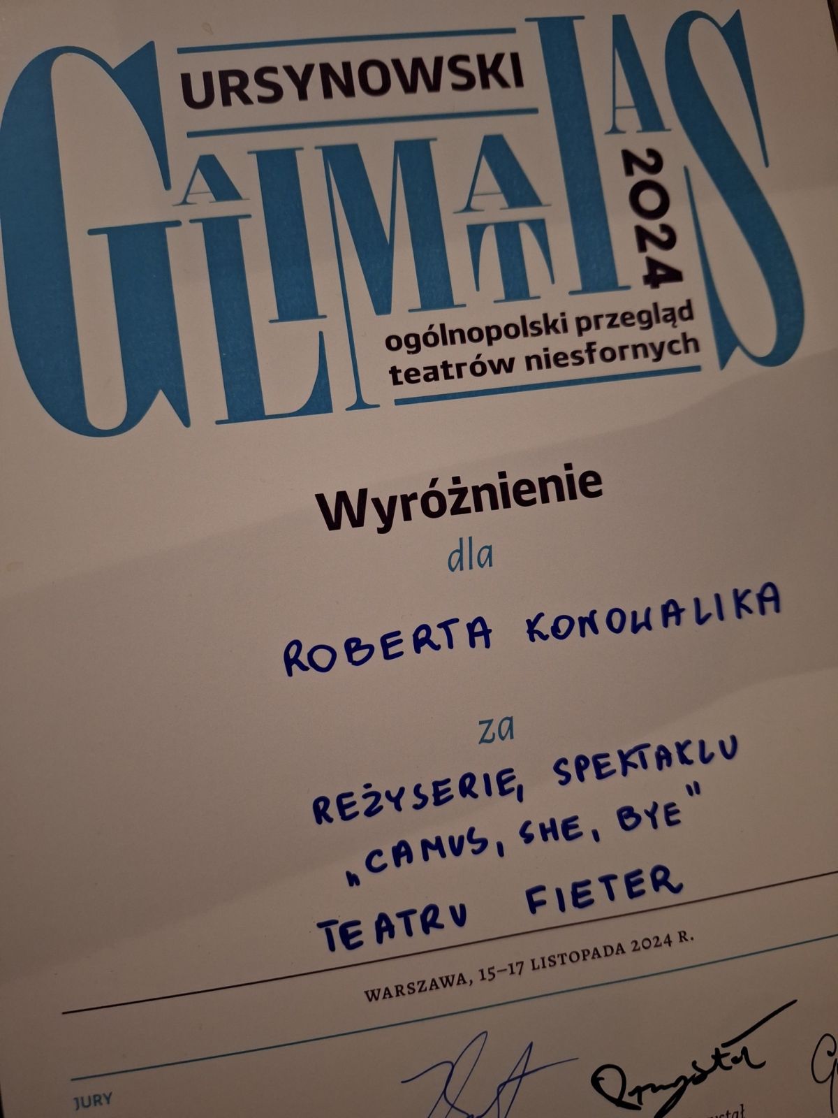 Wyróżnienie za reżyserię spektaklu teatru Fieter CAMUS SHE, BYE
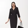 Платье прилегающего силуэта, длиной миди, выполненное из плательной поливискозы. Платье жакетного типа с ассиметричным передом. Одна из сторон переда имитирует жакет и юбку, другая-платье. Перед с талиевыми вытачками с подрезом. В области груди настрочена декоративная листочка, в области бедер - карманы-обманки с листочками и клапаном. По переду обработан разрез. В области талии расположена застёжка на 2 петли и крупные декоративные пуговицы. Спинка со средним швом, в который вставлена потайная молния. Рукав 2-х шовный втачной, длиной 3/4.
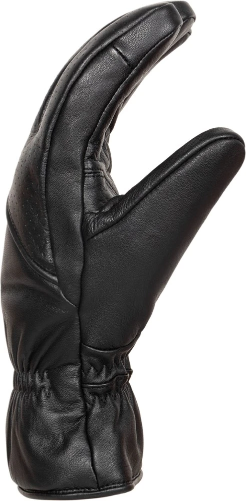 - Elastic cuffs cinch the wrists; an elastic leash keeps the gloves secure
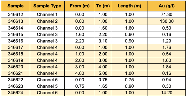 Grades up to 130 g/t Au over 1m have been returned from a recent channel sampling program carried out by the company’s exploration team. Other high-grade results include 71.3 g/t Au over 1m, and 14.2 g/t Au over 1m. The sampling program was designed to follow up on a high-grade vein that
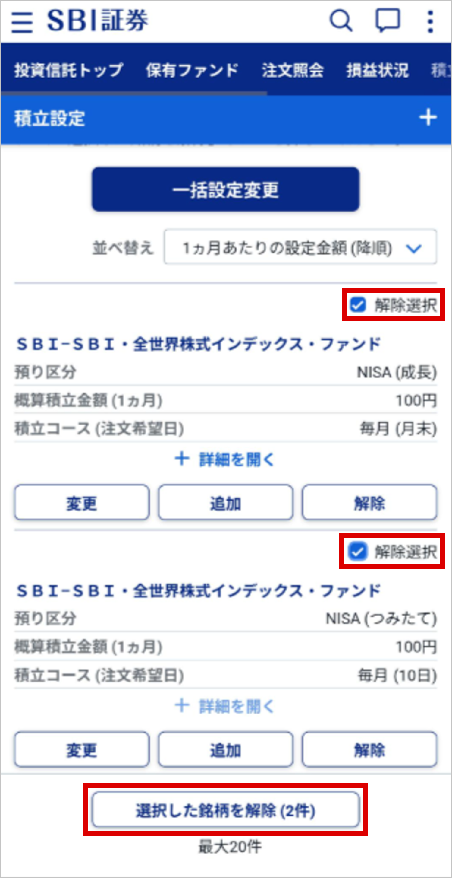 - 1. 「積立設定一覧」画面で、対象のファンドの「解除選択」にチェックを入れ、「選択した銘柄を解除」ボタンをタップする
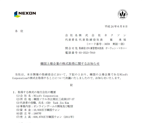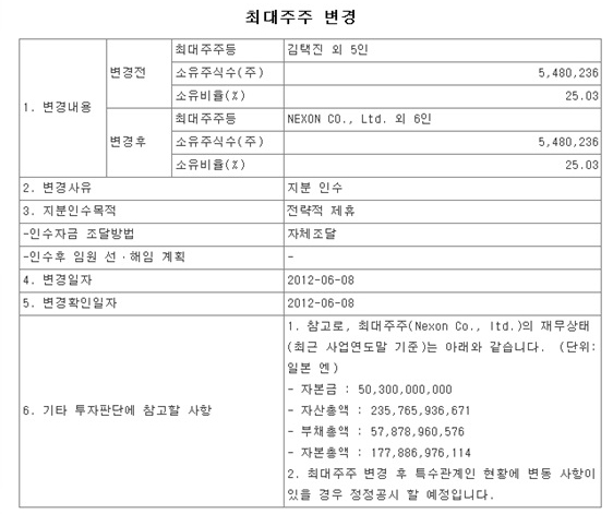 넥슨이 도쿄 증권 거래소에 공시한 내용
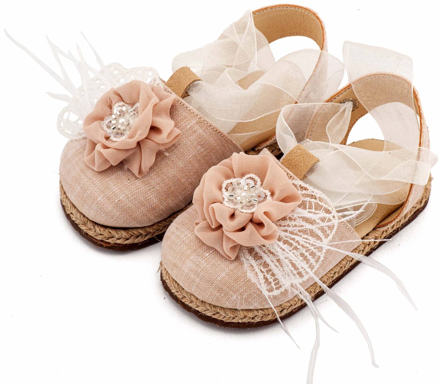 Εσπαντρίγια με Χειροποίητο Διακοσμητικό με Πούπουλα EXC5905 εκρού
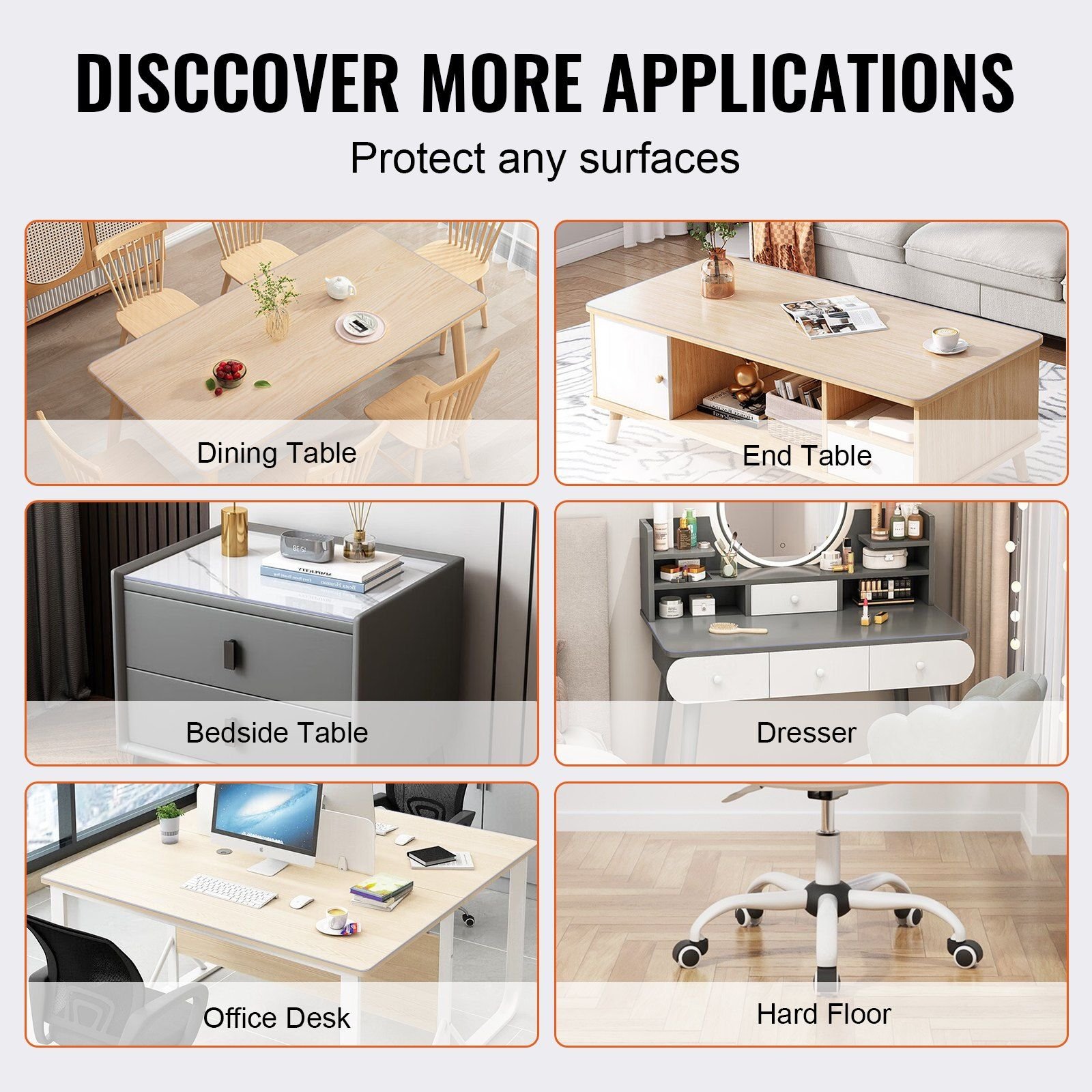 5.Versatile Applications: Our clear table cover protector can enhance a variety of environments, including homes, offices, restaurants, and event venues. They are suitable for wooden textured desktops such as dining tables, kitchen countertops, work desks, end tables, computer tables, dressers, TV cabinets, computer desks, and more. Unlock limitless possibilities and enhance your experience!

### PROBLEM STATEMENT
With the pictures omitted, the records above are to be repeated exactly.

### SOLUTION BELOW
 Wyróżnienie za reżyserię spektaklu teatru Fieter CAMUS SHE, BYE
 Платье прилегающего силуэта, длиной миди, выполненное из плательной поливискозы. Платье жакетного типа с ассиметричным передом. Одна из сторон переда имитирует жакет и юбку, другая-платье. Перед с талиевыми вытачками с подрезом. В области груди настрочена декоративная листочка, в области бедер - карманы-обманки с листочками и клапаном. По переду обработан разрез. В области талии расположена застёжка на 2 петли и крупные декоративные пуговицы. Спинка со средним швом, в который вставлена потайная молния. Рукав 2-х шовный втачной, длиной 3/4.
 - Elastic cuffs cinch the wrists; an elastic leash keeps the gloves secure
 Grades up to 130 g/t Au over 1m have been returned from a recent channel sampling program carried out by the company’s exploration team. Other high-grade results include 71.3 g/t Au over 1m, and 14.2 g/t Au over 1m. The sampling program was designed to follow up on a high-grade vein that
 - 1. 「積立設定一覧」画面で、対象のファンドの「解除選択」にチェックを入れ、「選択した銘柄を解除」ボタンをタップする
 넥슨이 도쿄 증권 거래소에 공시한 내용
 Εσπαντρίγια με Χειροποίητο Διακοσμητικό με Πούπουλα EXC5905 εκρού
 5.Versatile Applications: Our clear table cover protector can enhance a variety of environments, including homes, offices, restaurants, and event venues. They are suitable for wooden textured desktops such as dining tables, kitchen countertops, work desks, end tables, computer tables, dressers, TV cabinets, computer desks, and more. Unlock limitless possibilities and enhance your experience!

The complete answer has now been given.